§ What is expected:
Among the entries below, one line contains "この度はGMOフリーゾーン運" and another contains "Kilasriau.com - Bupati". Transcribe those two lines and every line between them, exactly.

§ Material provided:
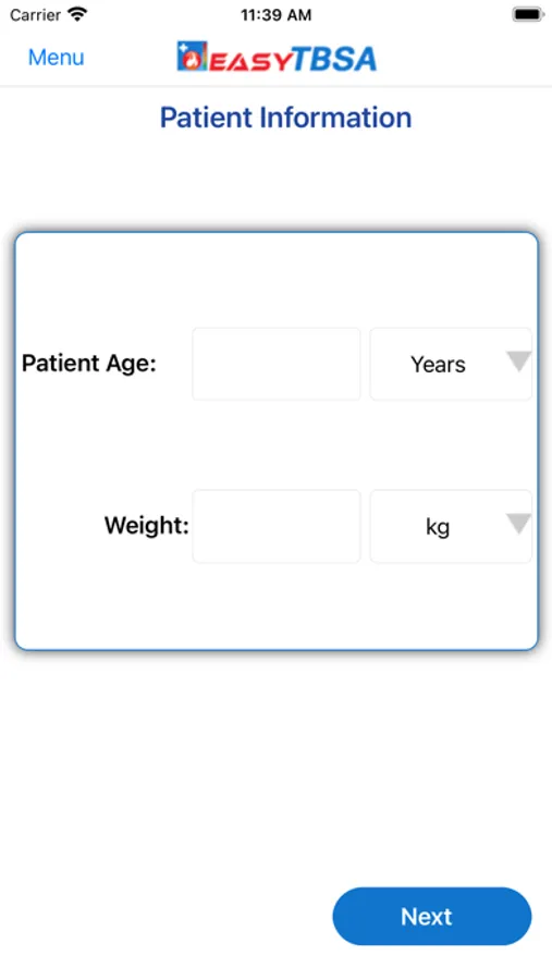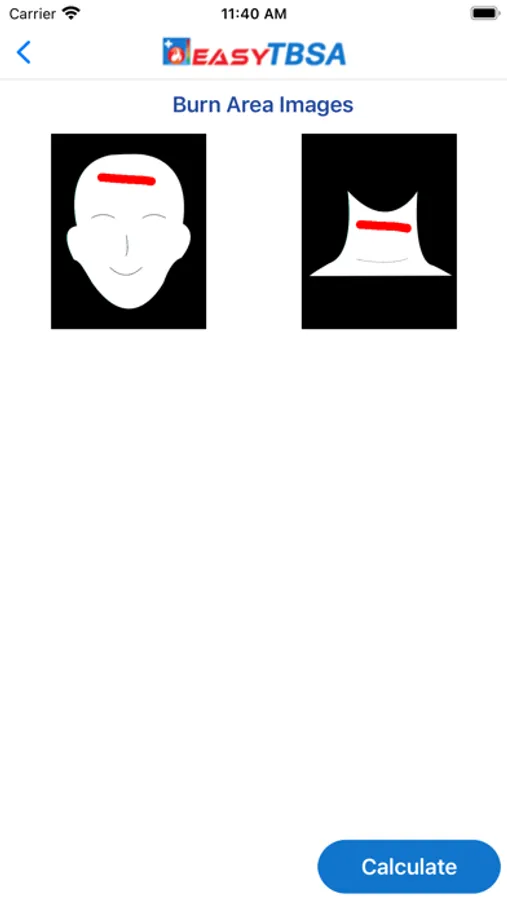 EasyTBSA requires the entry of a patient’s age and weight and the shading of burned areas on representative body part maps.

* * *

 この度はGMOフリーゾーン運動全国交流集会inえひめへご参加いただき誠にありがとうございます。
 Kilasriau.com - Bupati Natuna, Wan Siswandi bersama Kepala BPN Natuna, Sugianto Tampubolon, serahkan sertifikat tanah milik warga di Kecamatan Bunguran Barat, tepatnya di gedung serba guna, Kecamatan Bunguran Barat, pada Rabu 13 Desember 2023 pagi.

§ Written answer:
 この度はGMOフリーゾーン運動全国交流集会inえひめへご参加いただき誠にありがとうございます。
 Kilasriau.com - Bupati Natuna, Wan Siswandi bersama Kepala BPN Natuna, Sugianto Tampubolon, serahkan sertifikat tanah milik warga di Kecamatan Bunguran Barat, tepatnya di gedung serba guna, Kecamatan Bunguran Barat, pada Rabu 13 Desember 2023 pagi.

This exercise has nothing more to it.